I have a Northern Oirish accent, but now living in Luxembourg, and working with people from many differnt language backgrounds, I find myself modifying my speech and accent in order to be more clearly understood by them.

And that does veer towards RP, yes. If I say say something that is greeted with perplexed looks, I will rephrase using as close to RP as I can manage.


in a foreign country

Post 2

Ami of zx - no badgers here!

As an Australian (with an 'ozzie/ocker' accent) studying in Switzerland, I was faced with the similar problem of people not understanding what I said.
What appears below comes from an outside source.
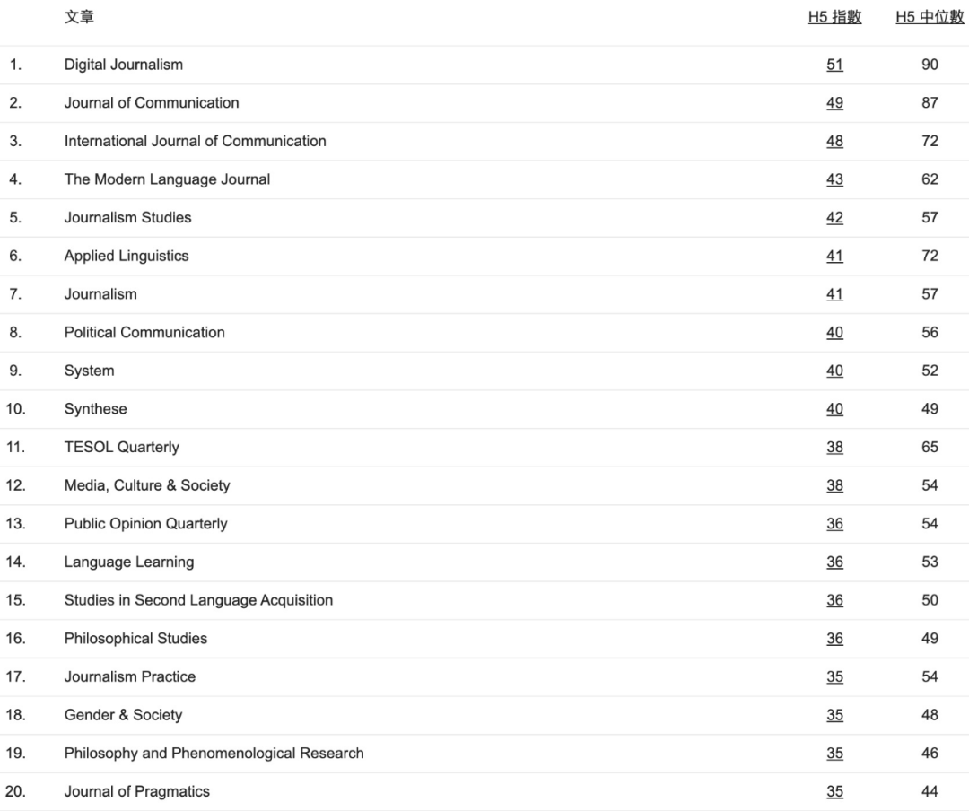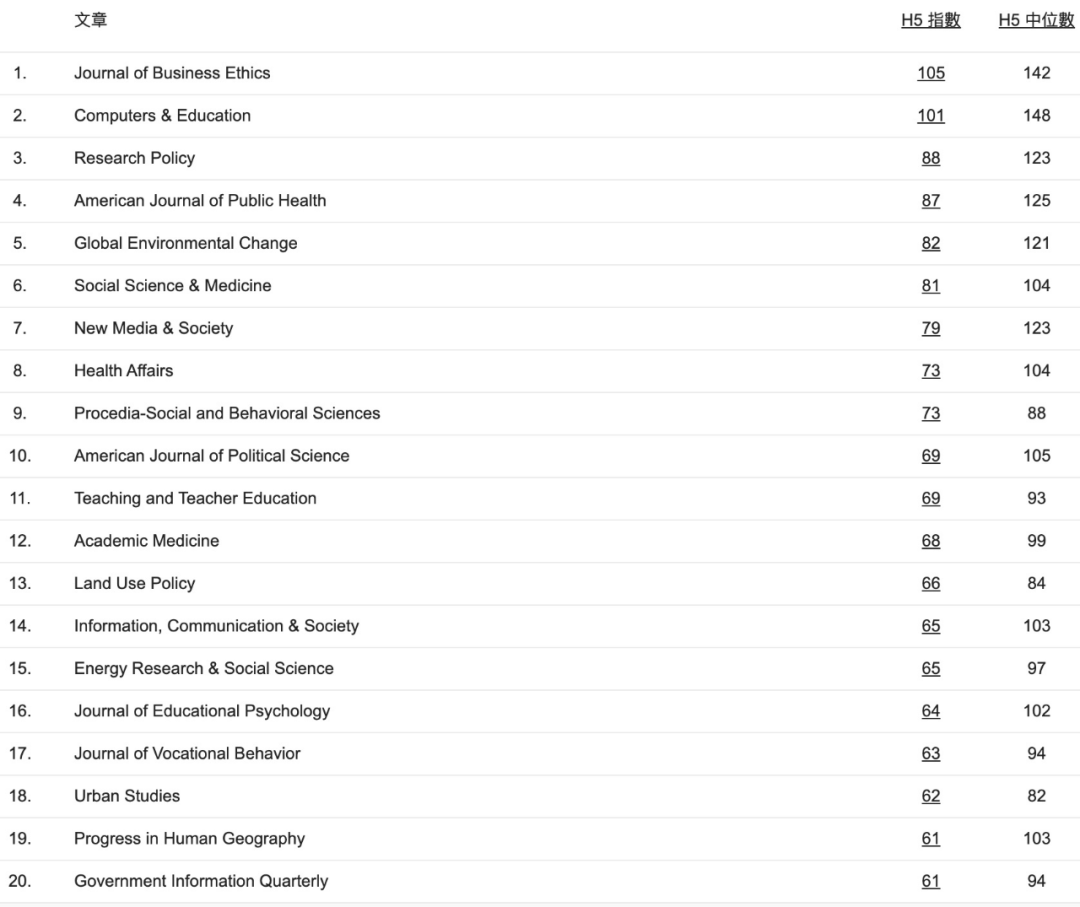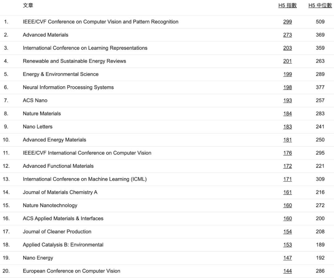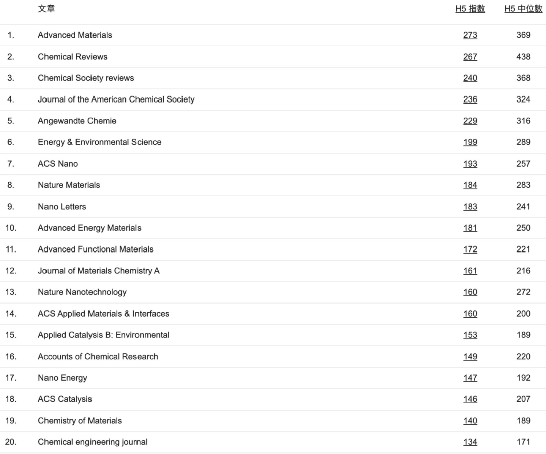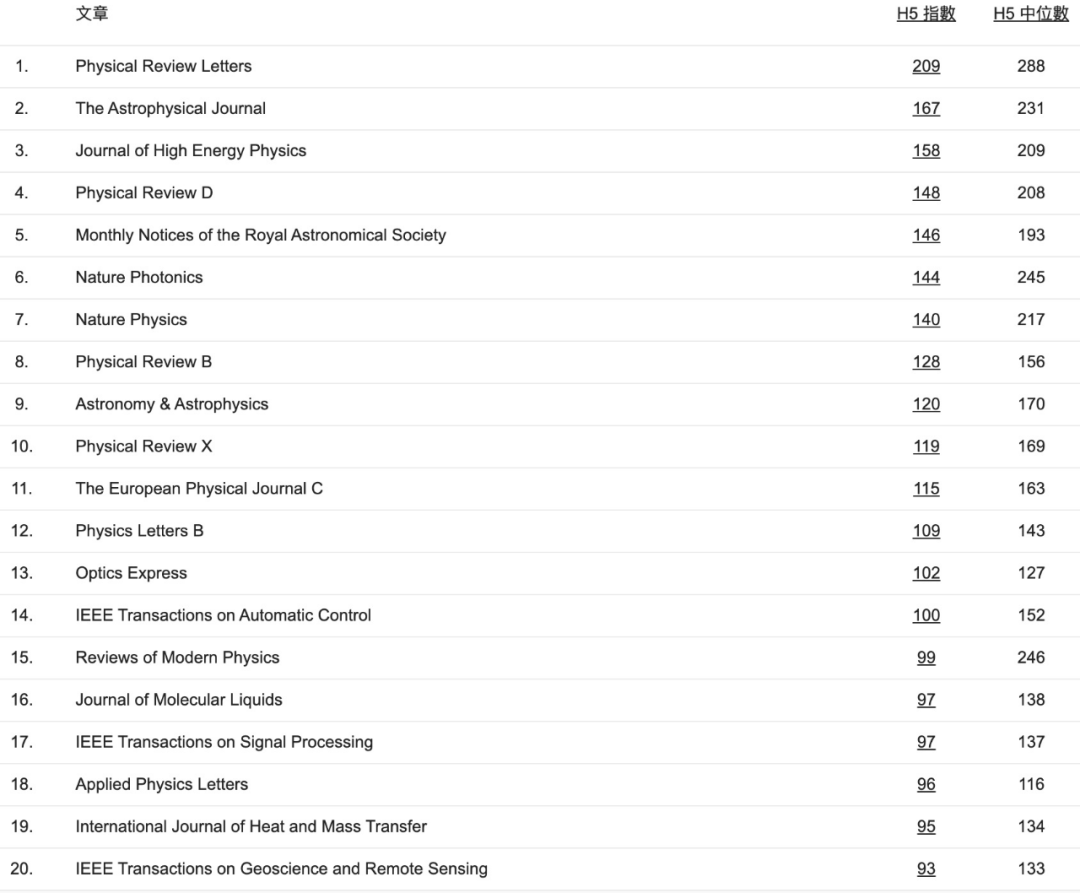 H5指数靠前的,基本上都是些发文量非常大的刊物,而影响因子最高的神刊 CA ,在H5指数排名中,前100名都没进去,究其原因还是:影响因子本质上是一个篇均引用次数,在总发文量不大的情况下,容易产生少量高引文章大幅拉高影响因子的情况。 而H5指数除了考虑每篇文章的引用次数外,还与期刊的总发表文章数量正相关,按其定义,在篇均引用次数差不多的情况下,某期刊发表的文章越多,其H5因子越容易上去,Nature、Science就是这种刊,用H5去衡量,简直就无敌了。 参考链接:https://scholar.google.com/citations?view_op=top_venues版权声明:本文来源科研大匠、察言观数,仅用于学术分享

I tried my best to modify my Australian speech up to the BBC-style standard spoken by my English teacher, only to find out when I got back home to Aust. that I sounded more like an Afrikaan's-South African trying to speak English!


in a foreign country

Post 3

Spiff


Hi, smiley - smiley

good point, it's a shame i didn't think of that. I live in Strasbourg, where most of my friends are French and mostly my day-to-day conversations are in French. When an English mate whose French is not so hot turns up in my local, all my French pals complain that they don't even recognise the strange dialect that we are speaking... smiley - yikes

So, a widespread and helpful use of RP is when speaking English to a foreign speaker of limited ability. smiley - ok

thanks for that, and indeed, for reading and commenting. smiley - ta
cya
spiff


in a foreign country

Post 4

Mat

I find myself doing this in Germany, although my accent soon comes back when I watch an episode of Shameless or watch films like East is East.